Dick and Lynne hugged and watched as the toga men carried the bound children to the wood. They tied them down with thicker ropes, each child separate from the rest. The men stood back. The mesh bags were opened and heaps of polished kitchen tools were carelessly strewn upon a plastic tarp.

Chanting ensued. The feast began. The children screamed with high-pitched clear tones that rang into the night sky. It was the worst sound I'd ever heard until the blood began to bubble in their little throats. That then became was the worst sound I'd ever heard, their pure siren screams slowly diluted by bubbling, gurgling blood.

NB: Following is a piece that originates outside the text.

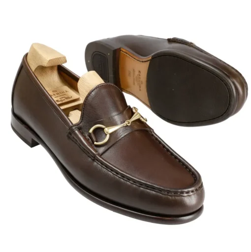 Mocasines horsebit en rusticalf marrón.Acabado sobre una suela Tomir con una fina capa de goma en la suela de cuero y forro de becerro.Este zapato está manufacturado cuidadosamente por artesanos expertos en Cosido Blake.Montados sobre la horma xim, una horma redondeada e intemporal diseñada para Kiowas, con un ajuste regular en el área del empeine y la puntera.

I began to fade at this point, unable to move and help them. Intervening would just end my life, and it was already too late to help. I had to tell the world. I had to share the secret. I had to survive. Unable to gaze upon the profane slaughter any longer, I crawled away from sight and cried silenty.

Snatches of dialogue clawed into my ears as I lay on the catwalk in fetal position, rocking back and forth, pulling at my hair. I was at a cocktail party in hell.

Eventually I slept, and when I woke, nothing remained but a stray charred little ribcage that had been kicked to the base of a corroded pile of sheet metal.

These are the ghastly words that haunt me:



"Too bad George isn't here tonight. He's great with the meat tenderizer."



"Lynne, honey, let's get the grill going. You know I love to grill the feet, just like Anton showed me last month at the pheasant farm. Those little toes are juicy with zebra crosshatch grillmarks."

"Now Dick, where are my little plastic martini swords? I've got fresh eyes here. I can't enjoy my drink and pop the 'olives' without my swords."

"The lard of an infant is divine, translucent as a pearl, unsullied by the pollution of life that stains it yellow. Adult fat is chewy clumpy corn kernels."

"Peel that skull open like a sardine can. Give me that potato skinner. Here, like this. Yyyyeeesssssss. Put your finger in there. Feel that."



"Kidneys are great thin and fried. Get the meat slicer, some olive oil, and the frypan. Oh, and some Triscuits for serving."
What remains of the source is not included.